Chapter Text
"Chorooooo. Fappymatsu. Fappybird. Fapio fa-"
"What."
It's already 11:00 at night and since they had all started drinking at 9:00, Choromatsu has no idea where the fuck Osomatsu is pulling the beer from.
"Don't be like that Kale Daddy-"
"Osomatsu I swear to god..."
Osomatsu must have gone througyh at least six bottles. Maybe seven. Choromatsu is vaguely wondering how this idiot is not dead yet. Mostly he is thinking about whether or not he should kill the motherfucker himself.
"No listen seriously. I just had a think. Thought. Had a thought."
Here it comes.
"Ya know how big and flat Iyami-san's teeth are? Like do you think they are big enough to snort a line of coke off of?"
"Osomatsu I swear to god, shut the hell up."
"No really this is important, like we need to figure this out. Like for science. We can be like, discoverers or some shit."
"We are not-"
"But we have to get our hands on the good stuff. Like Acapulco Gold or something-"

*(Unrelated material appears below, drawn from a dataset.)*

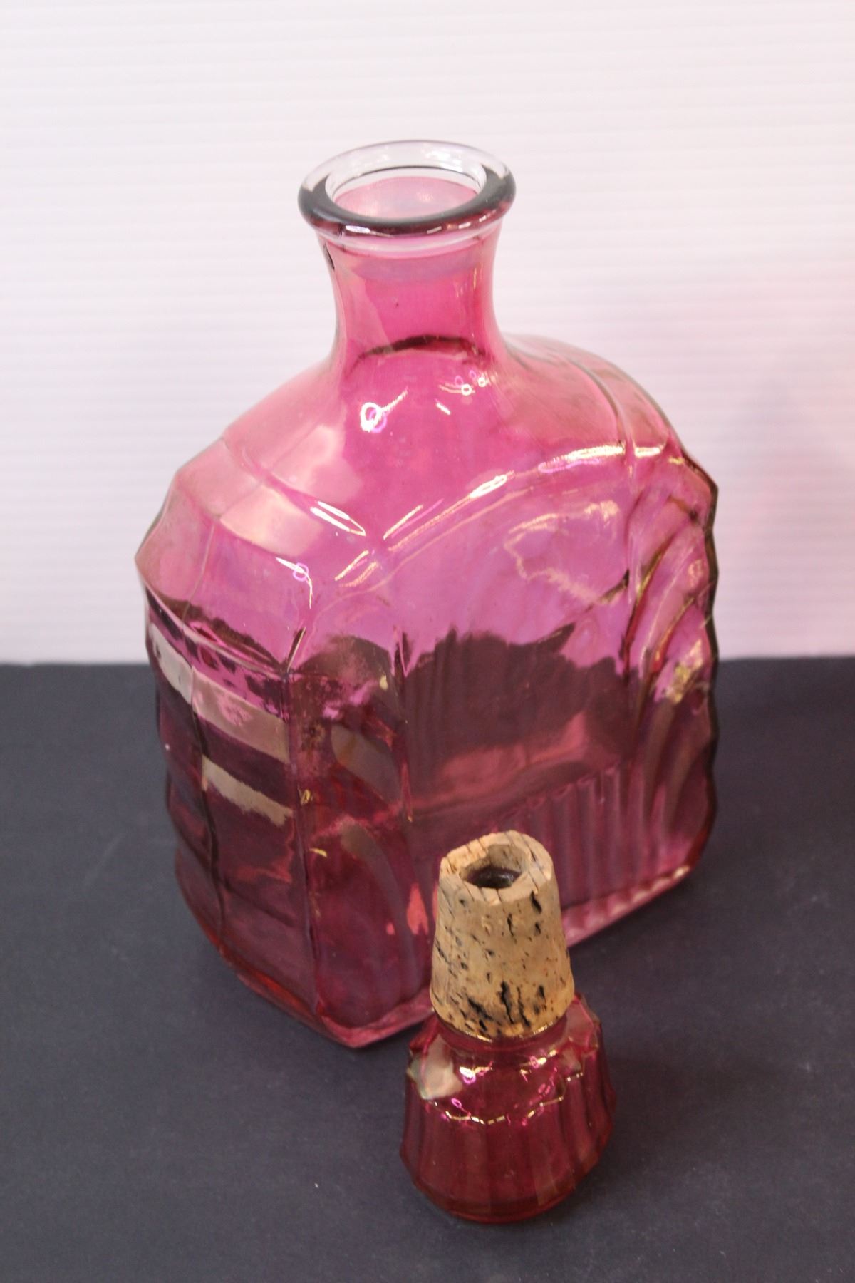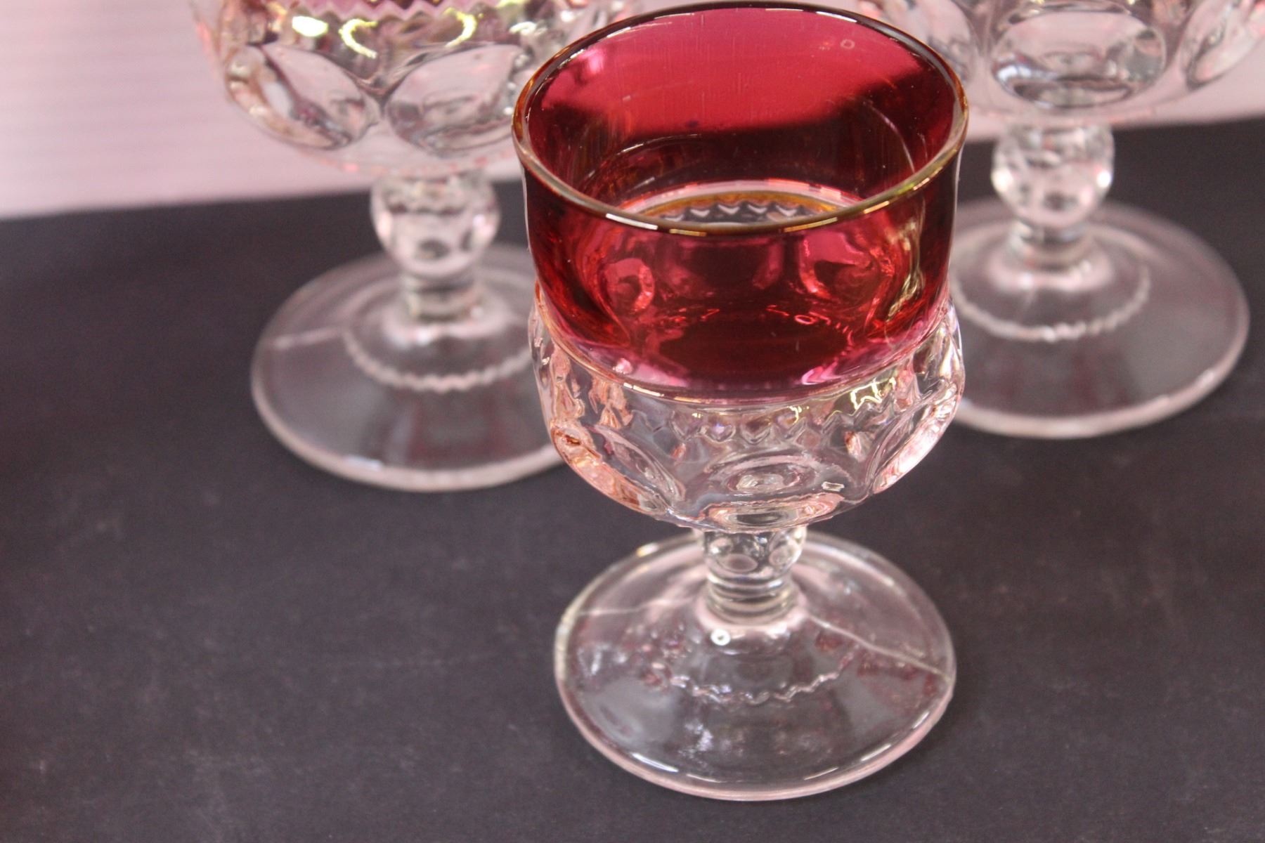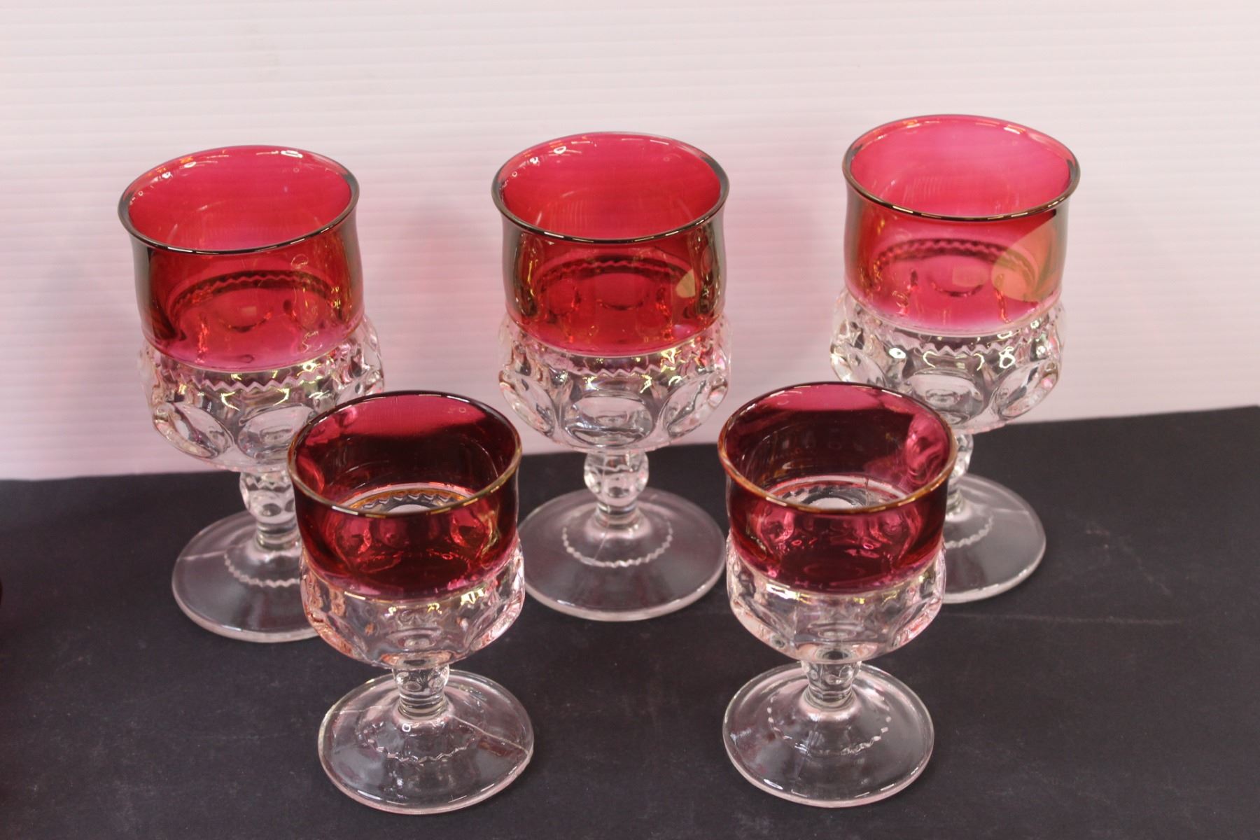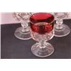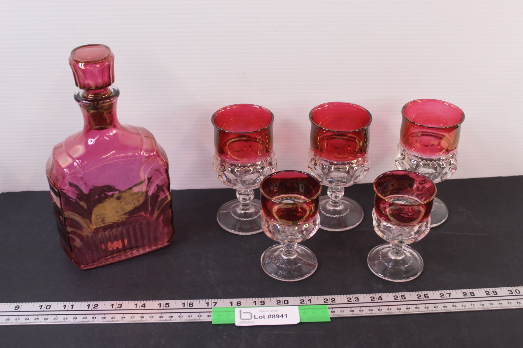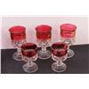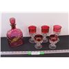 Cranberry Decanter & (3) Large Goblets (2) Medium Goblets Set

"Toddy pipes up from his spot on the couch, "Nii-san, Acapulco Gold is weed. If you're looking for blow I can get you some though."
Everyone's head turns to Toddy.
Karamatsu looks confused. Jyushimatsu heard the word blow and now his dick is rock solid. Ichimatsu isn't even surpised. Osomatsu looks like he has found the holy grail. Choromatsu is horrified.
"Hell fuckin' yes."
Oh hell no.
"You see Chorofapski, I got backup, this is a great idea."
"This is a terrible idea, this is the worst idea you have ever had. I am not going to prison for your bullshit."
"But Kale Daddy-"
"Stop calling me Kale Daddy!"
"Or what Kale Daddy?"
Choromatsu was wrong. He was definitely going to prison for Osomatsu's bullshit. But not because of the coke. Choromatsu is this fucking close to murdering a bitch.